Joshua Davis (born 1974) is an American writer, film producer and co-founder of Epic Magazine.

Early life 
Davis is the son of Miss Nevada winner Janet Hadland and Highlander film producer Peter S. Davis. Davis attended Stanford University, where he double majored in Economics and Modern Thought and Literature.

Career 
Davis wrote the New York Times bestselling book Spare Parts, which grew out of his article "La Vida Robot." The story follows the lives of four teenage immigrants who built an underwater robot. The book was a finalist for Columbia University's J. Anthony Lukas Book Prize and was adapted into the movie Spare Parts by Lionsgate starring George Lopez, Jamie Lee Curtis and Marisa Tomei. It premiered in January 2015.

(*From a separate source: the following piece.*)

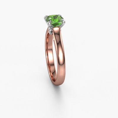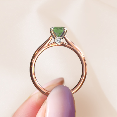 Der oben gezeigte Verlobungsring wird Valorie cus 1 genannt. Wir nennen das einen Solitär-Ring, denn er hat einen einzelnen Edelstein. Es ist ein 585 Roségold ring, mit 6 mm cussion Turmalin grün. Das Besondere an unserem Konfigurator ist dass Sie selbst einem Schmuckstück zusammenstellen können zu einem eigenen persönlichen Schmuckstück. Dieser Solitäre Verlobungsring ist gefertigt in der Edelmetall Kombination Roségold mit Weißgold, aber Sie können also auch wählen aus anderen Farben. Jedes Schmuckstück lässt Ihren Finger erstrahlen. Ihr Ring ist mit Liebe von unseren Goldschmieden handgefertigt. Der Solitär-Verlobungsring ist eine Sonderform des Verlobungsring. Seine offenen Krappen ermöglichen, dass Licht aus mehr Winkeln auf den Edelstein trifft. Dieser klassische Verlobungsring ist durch die hohe Positionierung des Edelsteins ein atemberaubender Blickfang. Wir schmücken diesen Solitär-Ring sorgfältig von Hand, damit Sie Ihren Anfrage mit einem einzigartigen Ring würdigen können. Die Liebe Ihres Lebens verdient nur das Beste. Haben Sie ein bestimmtes Budget? Sie können uns gerne kontaktieren, damit wir Ihre Optionen besprechen können. Wir bieten unsere Verlobungsringe zum garantiert besten Preis, denn wir fertigen sie auf Bestellung. Solche Preise finden Sie nirgendwo anders!Haben Sie irgendwo einen bestimmten Verlobungsring gefunden, den Sie Ihrem Liebsten schenken möchten? Sie können uns gerne sagen, was Sie wollen und wir werden Ihr Design in einen Einzigartigen klassische Verlobungsring verwandeln. Sie können die Entwicklungen Ihres Ringdesigns verfolgen, da wir 3D-Zeichnungen verwenden. Das gibt Ihnen eine realistische Vorschau, wie Ihr Design aussehen wird. Sie können auch einen Dummy vorbestellen. Ein Dummy ist ein Kunststoffring, der nach Ihrem Ringdesign gestaltet werden kann. Sie können ihn anprobieren und prüfen, ob seine Breite und Größe für Sie geeignet sind. Wir senden Ihnen gerne ein unverbindliches Angebot zu einem fairen Preis/Leistungsverhältnis. Sie werden in Anbetracht der Qualität des Rings und der Edelsteine überrascht sein.Um es einfacher zu machen, bieten wir eine kostenlose 30-tägige Rücksendung.

In 2012, Davis was kidnapped in Libya while reporting an article for Mens Journal. Later that year, he lived with John McAfee in Belize and documented McAfee's lifestyle and legal problems, including allegations of murder. In 2003, Davis covered the Iraq war for Wired. For The New Yorker in 2011, Davis wrote about bitcoin when the cryptocurrency was worth five dollars. He has also profiled Elon Musk multiple times, including a 2010 Wired cover story and in an early in-depth article about Tesla.

Davis' first book, The Underdog, was published by Random House in 2005. It chronicles Davis' entry into unusual competitions around the world, including the US Sumo Open and the World Armwrestling Championship in Gdynia, Poland. Davis documented his time as a competitive arm wrestler in the film "The Beast Within," which won best documentary at the Telluride Mountain Film Festival. 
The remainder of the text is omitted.